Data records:

┄┄┄┄┄┄

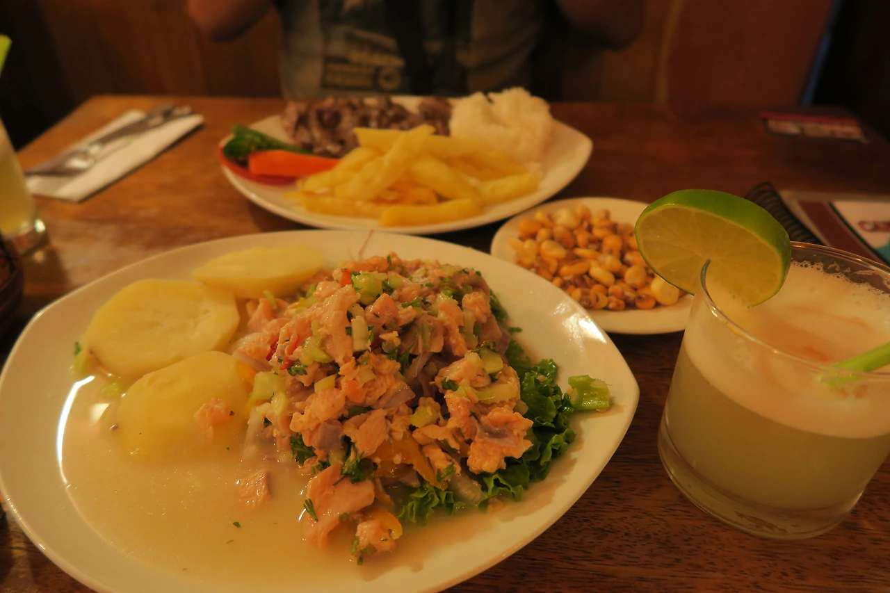 광장 주변 식당은 비싸고 맛은 그저 그렇다는 이야기를 들었지만, 이제 막 쿠스코에 도착한 새내기 여행객이 고를 수 있는 선택지가 많지는 않았다. 그나마 저렴해 보이는 식당을 찾아 세비체(페루식 물회)와 알파카 고기를 주문했다. 그리고 페루에서 반드시 마셔야 한다는 피스코 사워도 한잔씩 곁들였다.
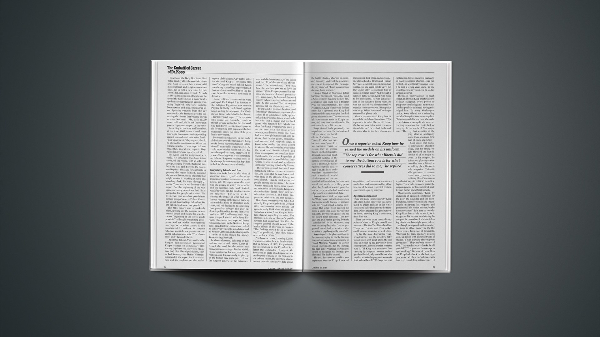 Such religious freedoms—remarkable in Soviet history, but taken for granted in the West—may be a result of Gorbachev’s religious roots. Reportedly, his mother is a devout Orthodox believer, and in 1984 Gorbachev said that his grandparents had kept icons in their home. During Gorbachev’s visit to Paris last summer a reporter asked whether the president had been baptized. He reportedly replied, “Yes, I was baptized. I don’t think there’s anything strange about that.”
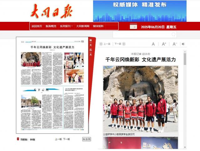 云冈研究院相关负责人说,公益研学让云冈石窟成为中华文明对话的桥梁,让少数民族足球少女用运动精神诠释文化传承。今后,云冈研究院将持续推动“石窟文化进校园”主题活动,以更丰富的实践课程、更创新的传播形式,让全国各地的青少年从文化旁观者成长为传承者、讲述者、创造者,共同谱写云冈文明的青春乐章!
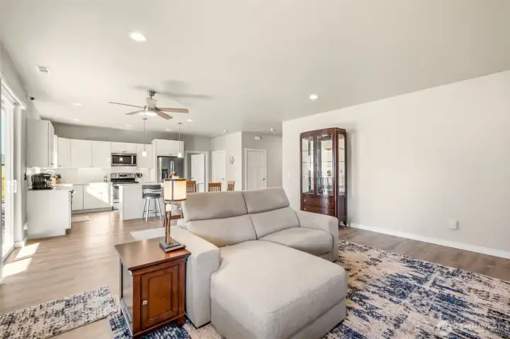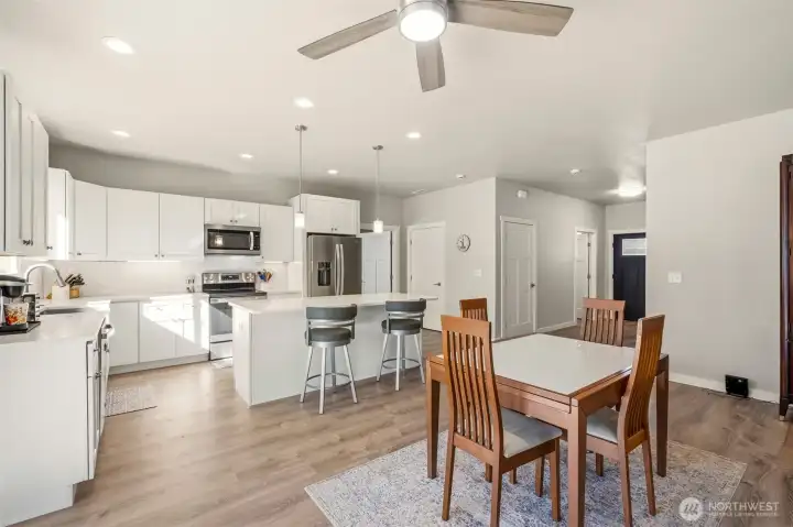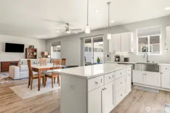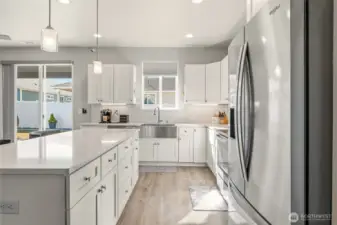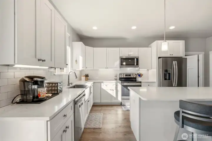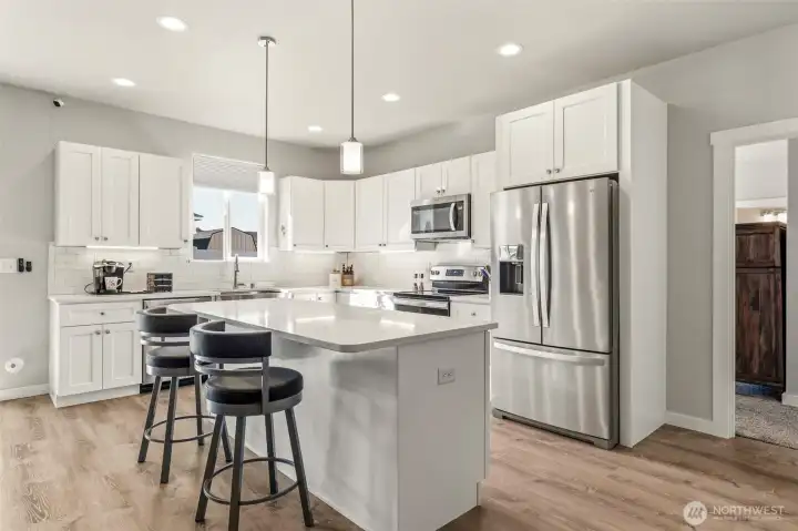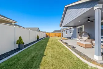 Don't miss the chance to purchase this home. Seller is offering $10,000 in buyer loan closing fees/interest buy down. Welcoming front entrance, curb appeal with stone accents. Open concept with the kitchen and living room, great workspace and a HUGE walk-in pantry! Great natural light, sliding glass door to the covered patio. This lot has extra parking on the side of the house and a fenced yard with underground sprinkler system and garden boxes. Primary bathroom with walk in tile shower, stand alone tub, double vanity and walk-in closet. 9' ceilings throughout, quality cabinets, quartz countertops throughout, full tile backsplashes, under cabinet lighting and lots of custom features. Home has an ADT security system.
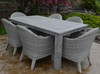 Mixing modern, classic, and global elements, the Three Birds 74" Shelburne Table with 6 Viena Chairs Set from Outdoor Furniture Plus is a gorgeous style combination. The plank-top teak table is easy to assemble with stainless steel hardware and features a slatted top and umbrella hole. Surround this chic outdoor table with the curved backs, sloping arms, and tapered legs of our wicker dining chairs, which deliver effortless elegance to your porch or patio. Think about adding a heater to your outdoor space for cooler nights.
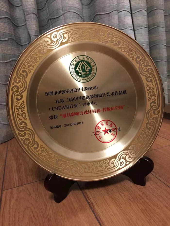 在上海举行的2016“设计面对面”东西方设计与交流会上,深圳伊派室内设计有限公司的优秀的样板房设计作品获得了评委与同行的高度认可,荣获“最具影响力设计机构”大奖
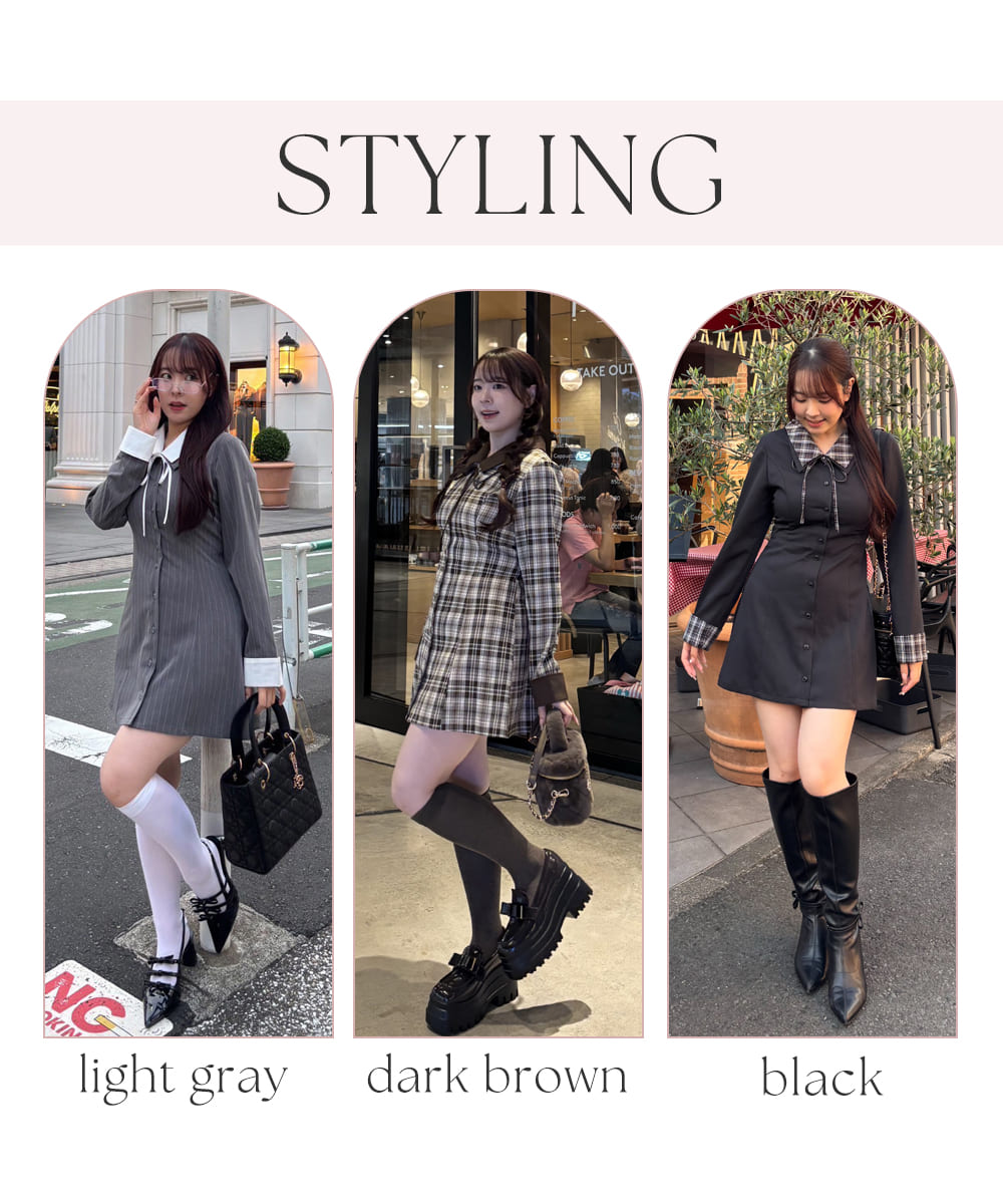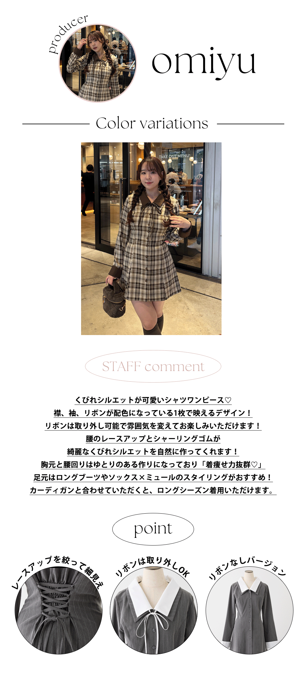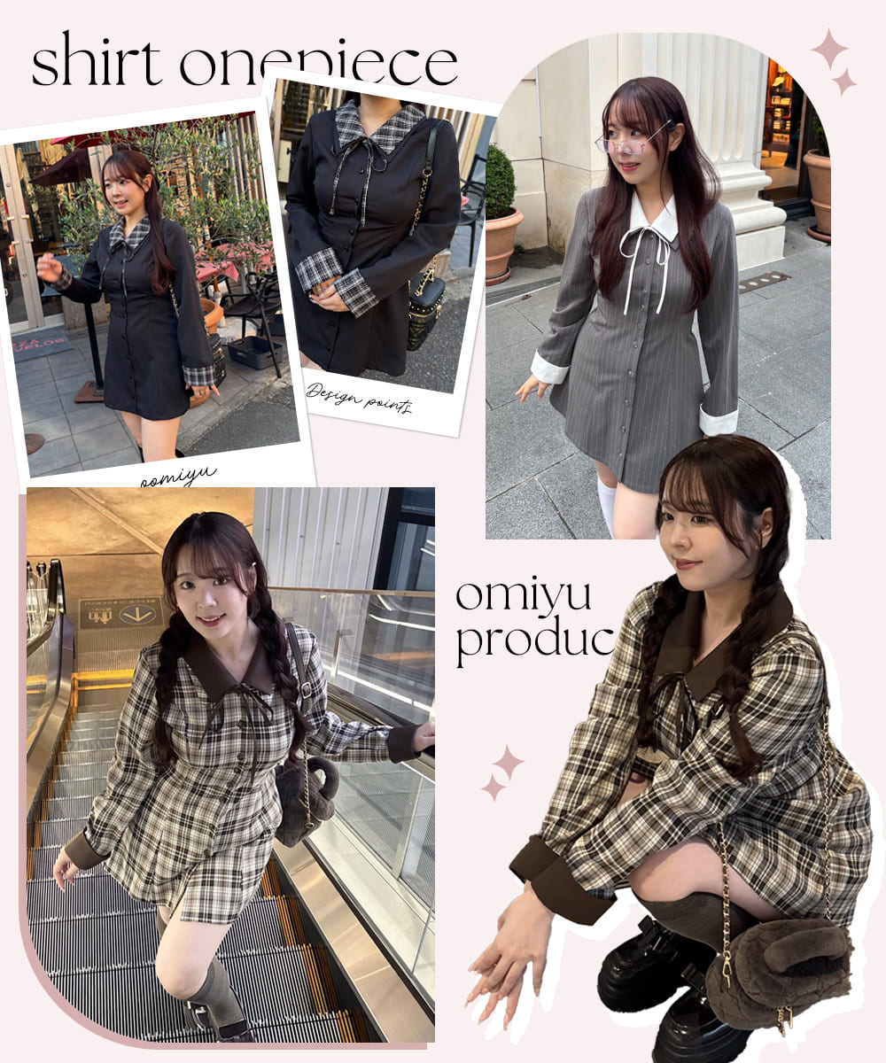リボン付きシャツワンピース

┄┄┄┄┄┄

## TASK DIRECTIONS
What is needed is an exact copy of the lines from the one with "Mixing modern, classic, and" through the end of the data above, both included, minus any pictures.

## YOUR SOLUTION
 Mixing modern, classic, and global elements, the Three Birds 74" Shelburne Table with 6 Viena Chairs Set from Outdoor Furniture Plus is a gorgeous style combination. The plank-top teak table is easy to assemble with stainless steel hardware and features a slatted top and umbrella hole. Surround this chic outdoor table with the curved backs, sloping arms, and tapered legs of our wicker dining chairs, which deliver effortless elegance to your porch or patio. Think about adding a heater to your outdoor space for cooler nights.
 在上海举行的2016“设计面对面”东西方设计与交流会上,深圳伊派室内设计有限公司的优秀的样板房设计作品获得了评委与同行的高度认可,荣获“最具影响力设计机构”大奖
リボン付きシャツワンピース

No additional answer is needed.